當全球政經環境充滿反覆且前景極不明確時,全球治理自然也變得雜亂無章。當前全球的主要治理平台之一是G20組織。該組織剛於上週末在南非約翰內斯堡進行了每年一度的領導人峰會,會議顯示出當前國際形勢的紛亂。在G20峰會之前,《聯合國氣候變化框架公約》締約方也在巴西舉行了兩星期的第30次大會(COP30),其中各國關於分階段停用化石燃料路線圖的討論,最終毫無結果。兩次大型會議的一個共同點,是美國的明顯缺席。

二次大戰後,西方主要國家在聯合國、世界銀行、國際貨幣基金和關稅及貿易總協定等國際組織的框架下,走上經濟復甦之路。
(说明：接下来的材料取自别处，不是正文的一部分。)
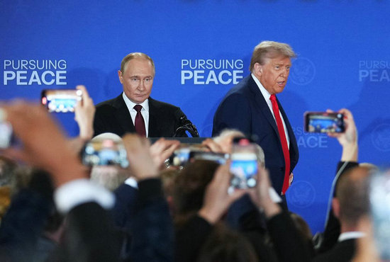 8月15日,美国总统特朗普(后右)与俄罗斯总统普京(后左)在美国阿拉斯加州安克雷奇市埃尔门多夫-理查森联合军事基地举行会晤后共同出席联合记者会。新华社记者吴晓凌摄
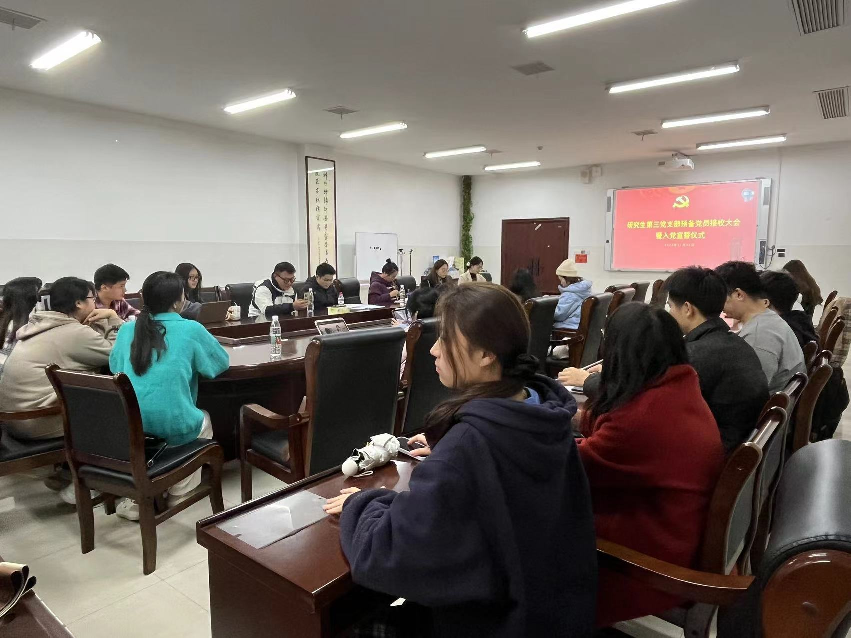 11月15日下午,研究生第三党支部于中和楼233会议室召开党员大会讨论接收预备党员,会议由支部书记刘银主持,支部“第一书记”王晶老师及全体党员参加。

但隨著70年代初布列頓森林體系的崩潰和石油危機帶來的經濟困難,美國、英國、法國、西德、意大利和日本六個工業國在1975年開始共同商討全球經濟議題,翌年加拿大加入,組成七大工業國集團(G7),並在隨後30年主導全球經濟。然而,2008年金融海嘯爆發後,G7無力獨自收拾殘局,便由G20後備上陣。G20 始創於上世紀末亞洲金融危機之後,其目標是增強全球金融穩定,成員包括19個國家及歐盟, 與會者主要是各國的財金官員。2008年,G20因其重要責任,升級為領導人級別會議,奠定其全球主要議題論壇的地位,議題范圍涵蓋經濟、金融、貿易、可持續發展、氣候變化等多個領域 。19個成員國輪任主席國,到今年的南非剛好完結了第一個循環,本應成為一個回顧檢討和向前邁進的契機,但是次會議並沒有起到這樣的作用。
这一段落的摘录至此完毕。